Le contexte statistique renforce cette lecture. Amoura a été tout simplement le meilleur buteur des Fennecs lors des éliminatoires du Mondial 2026, avec cinq réalisations décisives lors des matchs qualificatifs. Un total qui témoigne de son statut d'atout offensif majeur pour Vladimir Petkovic. Son absence face à la Jordanie et à l'Autriche a évidemment pesé sur les performances collectives. Sa présence en quarts pourrait au contraire libérer offensivement un secteur qui a jusqu'ici manqué de tranchant dans les phases finales de matchs. Une chose est sûre : si Amoura retrouve son niveau, c'est un tout autre visage offensif que présentera l'Algérie dans la suite du Mondial.
Le dilemme tactique pour Petkovic
Le sélectionneur algérien se trouve désormais face à une équation offensive complexe pour le rendez-vous face à la Suisse. Sans Amoura, il devra choisir son avant-centre entre Nadhir Benbouali de retour de blessure lui aussi, Amine Gouiri qui a livré une prestation décevante face à l'Autriche, ou éventuellement Anis Hadj Moussa en solution alternative. Le duo Benbouali-Gouiri pourrait s'imposer dans une configuration à deux attaquants, avec le buteur de Győri ETO en point de fixation et l'attaquant marseillais en soutien créatif. Une formule qui avait été analysée dans un précédent article de DzChronique et qui semble effectivement adaptée aux qualités des deux joueurs.

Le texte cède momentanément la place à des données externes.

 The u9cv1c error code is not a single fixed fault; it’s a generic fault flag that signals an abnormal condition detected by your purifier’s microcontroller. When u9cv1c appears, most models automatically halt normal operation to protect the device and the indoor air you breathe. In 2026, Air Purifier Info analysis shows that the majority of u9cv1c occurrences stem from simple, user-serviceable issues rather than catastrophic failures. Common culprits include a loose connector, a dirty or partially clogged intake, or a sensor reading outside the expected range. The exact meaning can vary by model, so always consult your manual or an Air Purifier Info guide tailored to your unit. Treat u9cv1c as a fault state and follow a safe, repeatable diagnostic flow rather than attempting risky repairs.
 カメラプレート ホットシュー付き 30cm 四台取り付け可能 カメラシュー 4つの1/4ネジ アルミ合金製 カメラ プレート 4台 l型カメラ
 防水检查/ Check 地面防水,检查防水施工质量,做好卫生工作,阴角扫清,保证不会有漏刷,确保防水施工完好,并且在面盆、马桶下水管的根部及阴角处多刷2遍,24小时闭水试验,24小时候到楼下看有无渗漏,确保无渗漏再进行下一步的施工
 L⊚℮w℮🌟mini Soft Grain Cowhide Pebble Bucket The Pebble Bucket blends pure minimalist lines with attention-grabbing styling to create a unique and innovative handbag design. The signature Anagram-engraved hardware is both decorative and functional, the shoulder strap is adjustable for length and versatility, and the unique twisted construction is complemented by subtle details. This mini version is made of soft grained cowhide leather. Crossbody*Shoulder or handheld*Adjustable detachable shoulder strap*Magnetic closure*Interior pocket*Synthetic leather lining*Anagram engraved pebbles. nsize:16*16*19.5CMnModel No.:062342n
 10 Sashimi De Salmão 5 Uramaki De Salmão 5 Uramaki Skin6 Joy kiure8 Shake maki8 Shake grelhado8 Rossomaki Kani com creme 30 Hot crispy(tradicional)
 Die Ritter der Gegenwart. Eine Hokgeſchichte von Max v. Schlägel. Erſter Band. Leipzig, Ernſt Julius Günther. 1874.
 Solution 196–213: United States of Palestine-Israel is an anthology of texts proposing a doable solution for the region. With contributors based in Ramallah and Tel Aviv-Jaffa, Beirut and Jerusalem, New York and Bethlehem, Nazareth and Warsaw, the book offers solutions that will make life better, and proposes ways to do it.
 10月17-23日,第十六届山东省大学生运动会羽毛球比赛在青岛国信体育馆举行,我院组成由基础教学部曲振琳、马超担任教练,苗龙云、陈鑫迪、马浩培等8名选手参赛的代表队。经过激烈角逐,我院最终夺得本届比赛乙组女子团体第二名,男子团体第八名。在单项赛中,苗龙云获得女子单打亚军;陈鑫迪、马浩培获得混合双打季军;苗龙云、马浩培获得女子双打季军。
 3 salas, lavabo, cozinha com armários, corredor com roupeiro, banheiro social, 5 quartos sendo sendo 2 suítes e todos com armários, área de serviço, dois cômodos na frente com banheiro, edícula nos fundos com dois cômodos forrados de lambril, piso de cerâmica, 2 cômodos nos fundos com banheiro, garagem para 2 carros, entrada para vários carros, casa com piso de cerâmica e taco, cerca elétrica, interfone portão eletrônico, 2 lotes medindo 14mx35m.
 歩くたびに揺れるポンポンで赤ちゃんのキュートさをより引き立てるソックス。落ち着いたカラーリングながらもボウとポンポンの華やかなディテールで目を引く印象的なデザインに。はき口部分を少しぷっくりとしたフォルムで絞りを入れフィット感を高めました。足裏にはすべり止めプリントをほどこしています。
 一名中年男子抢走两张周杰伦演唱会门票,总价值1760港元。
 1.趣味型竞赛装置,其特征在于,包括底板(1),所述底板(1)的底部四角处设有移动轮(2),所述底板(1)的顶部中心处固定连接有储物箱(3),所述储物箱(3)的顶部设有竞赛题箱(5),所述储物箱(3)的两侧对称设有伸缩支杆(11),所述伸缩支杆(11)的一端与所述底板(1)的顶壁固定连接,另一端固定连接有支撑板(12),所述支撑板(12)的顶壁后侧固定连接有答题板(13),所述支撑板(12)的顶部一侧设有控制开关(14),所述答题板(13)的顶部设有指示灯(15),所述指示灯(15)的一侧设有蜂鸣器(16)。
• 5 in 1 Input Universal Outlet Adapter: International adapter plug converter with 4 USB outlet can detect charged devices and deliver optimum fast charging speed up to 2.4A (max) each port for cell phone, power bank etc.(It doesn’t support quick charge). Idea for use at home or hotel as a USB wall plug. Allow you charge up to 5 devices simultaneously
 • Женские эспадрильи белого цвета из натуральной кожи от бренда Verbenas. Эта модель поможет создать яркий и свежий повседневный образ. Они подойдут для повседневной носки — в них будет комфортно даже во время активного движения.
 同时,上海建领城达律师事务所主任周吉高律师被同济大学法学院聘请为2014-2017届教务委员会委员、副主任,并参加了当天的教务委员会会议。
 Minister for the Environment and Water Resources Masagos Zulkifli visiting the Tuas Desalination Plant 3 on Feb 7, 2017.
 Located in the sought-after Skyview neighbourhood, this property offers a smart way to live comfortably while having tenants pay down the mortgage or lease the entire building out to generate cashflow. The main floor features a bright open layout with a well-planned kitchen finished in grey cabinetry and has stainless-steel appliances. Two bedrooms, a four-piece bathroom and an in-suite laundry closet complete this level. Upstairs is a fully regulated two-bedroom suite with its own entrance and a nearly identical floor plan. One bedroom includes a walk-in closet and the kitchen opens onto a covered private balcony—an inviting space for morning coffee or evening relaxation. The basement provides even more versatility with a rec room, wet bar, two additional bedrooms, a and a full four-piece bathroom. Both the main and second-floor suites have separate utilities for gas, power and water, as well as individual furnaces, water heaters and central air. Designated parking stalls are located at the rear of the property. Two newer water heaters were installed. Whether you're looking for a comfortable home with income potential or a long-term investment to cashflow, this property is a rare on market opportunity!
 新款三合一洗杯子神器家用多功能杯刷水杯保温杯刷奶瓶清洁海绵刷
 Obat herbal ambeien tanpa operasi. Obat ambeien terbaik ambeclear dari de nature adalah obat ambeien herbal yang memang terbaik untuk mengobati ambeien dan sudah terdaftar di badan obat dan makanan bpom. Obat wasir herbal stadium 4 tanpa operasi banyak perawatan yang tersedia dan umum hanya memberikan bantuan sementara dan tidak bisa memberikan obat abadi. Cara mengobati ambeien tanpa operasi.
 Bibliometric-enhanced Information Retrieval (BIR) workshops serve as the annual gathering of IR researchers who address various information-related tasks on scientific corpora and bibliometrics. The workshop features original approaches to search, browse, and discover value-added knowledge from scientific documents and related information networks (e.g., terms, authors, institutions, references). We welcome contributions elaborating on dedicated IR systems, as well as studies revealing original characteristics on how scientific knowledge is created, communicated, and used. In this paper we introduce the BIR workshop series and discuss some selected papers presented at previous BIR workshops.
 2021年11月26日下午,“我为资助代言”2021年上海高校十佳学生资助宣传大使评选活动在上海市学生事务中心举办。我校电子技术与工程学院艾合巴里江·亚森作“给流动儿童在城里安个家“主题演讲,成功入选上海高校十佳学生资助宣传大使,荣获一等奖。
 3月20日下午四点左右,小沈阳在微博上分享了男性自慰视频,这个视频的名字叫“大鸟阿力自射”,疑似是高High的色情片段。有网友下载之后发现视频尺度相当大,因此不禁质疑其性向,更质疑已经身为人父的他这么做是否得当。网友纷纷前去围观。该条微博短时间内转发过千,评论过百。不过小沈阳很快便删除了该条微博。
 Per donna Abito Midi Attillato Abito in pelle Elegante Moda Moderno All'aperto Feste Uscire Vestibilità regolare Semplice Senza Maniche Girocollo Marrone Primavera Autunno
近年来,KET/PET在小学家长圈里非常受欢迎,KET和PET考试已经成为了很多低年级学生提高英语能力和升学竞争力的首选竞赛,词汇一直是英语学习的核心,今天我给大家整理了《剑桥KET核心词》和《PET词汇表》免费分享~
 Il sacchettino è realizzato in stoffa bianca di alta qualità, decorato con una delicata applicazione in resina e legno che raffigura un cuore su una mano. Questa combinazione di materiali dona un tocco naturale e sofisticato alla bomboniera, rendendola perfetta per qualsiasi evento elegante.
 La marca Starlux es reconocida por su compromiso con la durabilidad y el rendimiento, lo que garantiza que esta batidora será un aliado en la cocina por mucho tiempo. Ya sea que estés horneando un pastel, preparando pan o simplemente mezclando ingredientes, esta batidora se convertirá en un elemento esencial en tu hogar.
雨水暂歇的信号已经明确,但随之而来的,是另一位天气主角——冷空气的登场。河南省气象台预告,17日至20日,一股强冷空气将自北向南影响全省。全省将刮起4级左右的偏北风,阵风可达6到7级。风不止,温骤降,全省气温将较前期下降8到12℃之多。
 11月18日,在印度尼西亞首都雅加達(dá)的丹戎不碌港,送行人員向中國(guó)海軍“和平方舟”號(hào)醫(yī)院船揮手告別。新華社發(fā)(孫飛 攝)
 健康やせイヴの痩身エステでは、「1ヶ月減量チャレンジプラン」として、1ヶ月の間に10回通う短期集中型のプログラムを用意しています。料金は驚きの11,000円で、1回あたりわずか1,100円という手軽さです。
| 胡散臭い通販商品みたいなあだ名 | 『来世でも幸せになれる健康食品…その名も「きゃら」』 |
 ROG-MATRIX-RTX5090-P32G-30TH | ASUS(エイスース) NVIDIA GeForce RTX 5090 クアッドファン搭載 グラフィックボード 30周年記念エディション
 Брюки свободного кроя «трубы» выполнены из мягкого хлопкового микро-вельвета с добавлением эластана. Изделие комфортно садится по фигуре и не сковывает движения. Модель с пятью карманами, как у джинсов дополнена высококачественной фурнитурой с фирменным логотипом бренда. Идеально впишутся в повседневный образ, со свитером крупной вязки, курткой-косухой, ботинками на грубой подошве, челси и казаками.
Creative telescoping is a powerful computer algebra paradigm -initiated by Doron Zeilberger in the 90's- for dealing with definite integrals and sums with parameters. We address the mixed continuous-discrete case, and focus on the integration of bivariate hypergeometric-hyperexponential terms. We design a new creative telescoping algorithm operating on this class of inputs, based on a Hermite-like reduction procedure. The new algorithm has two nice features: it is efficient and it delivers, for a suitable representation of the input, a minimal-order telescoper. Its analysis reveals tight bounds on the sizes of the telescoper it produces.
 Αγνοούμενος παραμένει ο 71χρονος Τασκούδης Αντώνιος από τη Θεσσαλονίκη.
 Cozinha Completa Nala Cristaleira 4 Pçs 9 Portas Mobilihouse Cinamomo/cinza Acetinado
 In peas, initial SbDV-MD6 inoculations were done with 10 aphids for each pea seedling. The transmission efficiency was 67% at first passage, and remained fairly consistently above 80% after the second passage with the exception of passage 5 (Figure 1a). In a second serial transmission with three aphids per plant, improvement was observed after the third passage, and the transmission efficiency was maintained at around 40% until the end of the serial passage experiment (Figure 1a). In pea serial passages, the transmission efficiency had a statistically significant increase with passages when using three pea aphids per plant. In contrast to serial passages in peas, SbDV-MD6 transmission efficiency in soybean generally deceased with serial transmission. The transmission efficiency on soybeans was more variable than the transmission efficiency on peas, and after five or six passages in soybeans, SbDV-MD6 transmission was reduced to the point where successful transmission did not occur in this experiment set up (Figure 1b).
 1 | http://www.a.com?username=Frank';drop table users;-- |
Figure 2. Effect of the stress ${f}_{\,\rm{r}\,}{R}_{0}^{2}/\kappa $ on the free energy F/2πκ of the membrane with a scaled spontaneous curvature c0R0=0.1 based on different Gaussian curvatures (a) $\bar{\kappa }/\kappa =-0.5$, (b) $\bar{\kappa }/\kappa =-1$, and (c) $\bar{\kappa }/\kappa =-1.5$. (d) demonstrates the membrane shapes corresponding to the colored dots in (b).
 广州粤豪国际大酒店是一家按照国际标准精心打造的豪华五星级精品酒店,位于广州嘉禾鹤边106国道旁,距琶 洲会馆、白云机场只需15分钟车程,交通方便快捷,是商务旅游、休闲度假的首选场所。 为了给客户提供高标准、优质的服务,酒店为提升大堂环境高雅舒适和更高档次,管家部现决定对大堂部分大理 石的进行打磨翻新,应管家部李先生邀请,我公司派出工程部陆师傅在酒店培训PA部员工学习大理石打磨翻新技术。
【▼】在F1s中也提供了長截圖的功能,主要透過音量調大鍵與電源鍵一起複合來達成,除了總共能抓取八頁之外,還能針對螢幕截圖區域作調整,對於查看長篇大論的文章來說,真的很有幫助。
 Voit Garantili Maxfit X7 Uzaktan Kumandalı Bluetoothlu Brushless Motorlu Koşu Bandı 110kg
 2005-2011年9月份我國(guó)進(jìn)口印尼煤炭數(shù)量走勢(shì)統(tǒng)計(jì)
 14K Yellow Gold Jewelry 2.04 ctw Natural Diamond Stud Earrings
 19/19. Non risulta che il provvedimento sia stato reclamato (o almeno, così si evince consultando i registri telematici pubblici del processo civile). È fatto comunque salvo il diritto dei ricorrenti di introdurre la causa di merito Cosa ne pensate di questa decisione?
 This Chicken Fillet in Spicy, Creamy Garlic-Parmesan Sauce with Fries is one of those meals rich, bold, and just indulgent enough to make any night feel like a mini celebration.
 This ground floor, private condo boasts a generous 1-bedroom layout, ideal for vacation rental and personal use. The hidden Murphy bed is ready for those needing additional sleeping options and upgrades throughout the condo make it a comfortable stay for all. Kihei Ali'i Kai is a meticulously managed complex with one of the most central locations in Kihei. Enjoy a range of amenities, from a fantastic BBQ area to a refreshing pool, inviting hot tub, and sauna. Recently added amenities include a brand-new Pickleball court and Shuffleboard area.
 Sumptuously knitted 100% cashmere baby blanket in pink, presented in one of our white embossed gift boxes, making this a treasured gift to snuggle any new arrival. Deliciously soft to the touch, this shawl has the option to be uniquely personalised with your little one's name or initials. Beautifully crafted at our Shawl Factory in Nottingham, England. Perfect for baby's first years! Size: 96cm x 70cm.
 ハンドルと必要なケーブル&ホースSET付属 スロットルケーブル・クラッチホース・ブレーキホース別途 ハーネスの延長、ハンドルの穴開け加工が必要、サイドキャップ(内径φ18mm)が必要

Cette configuration offensive laisserait à Amoura le temps nécessaire pour retrouver ses sensations à l'entraînement pendant que ses coéquipiers assurent la qualification. Puis lui offrirait une opportunité de titularisation en quarts de finale si le groupe passe l'obstacle helvète. Le pari est audacieux mais logique sportivement. Pour la diaspora algérienne, en France comme partout dans le monde, la patience devra donc être de mise concernant le retour du natif de Bordj Bou Arreridj. Mais l'attente pourrait en valoir la peine.
Et maintenant ?
Le rendez-vous décisif face à la Suisse se profile ce vendredi 3 juillet à 5 heures heure suisse au BC Place Stadium de Vancouver. Amoura restera très probablement sur le banc ou en tribunes, en attendant que son état physique lui permette de retrouver toutes ses capacités athlétiques. La confirmation officielle de son statut sera livrée par Vladimir Petkovic dans les prochaines heures. Une chose est certaine : quelle que soit la décision finale, la reprise de la course marque une étape importante dans la trajectoire de récupération du meilleur buteur des Verts en éliminatoires. Si l'Algérie parvient à valider sa qualification face à la Nati, elle pourrait retrouver un atout offensif de premier plan pour un quart de finale historique. Pour la diaspora algérienne, l'espoir Amoura ne s'arrête pas ce vendredi. Il commence peut-être seulement à s'écrire vraiment pour la suite de l'aventure américaine.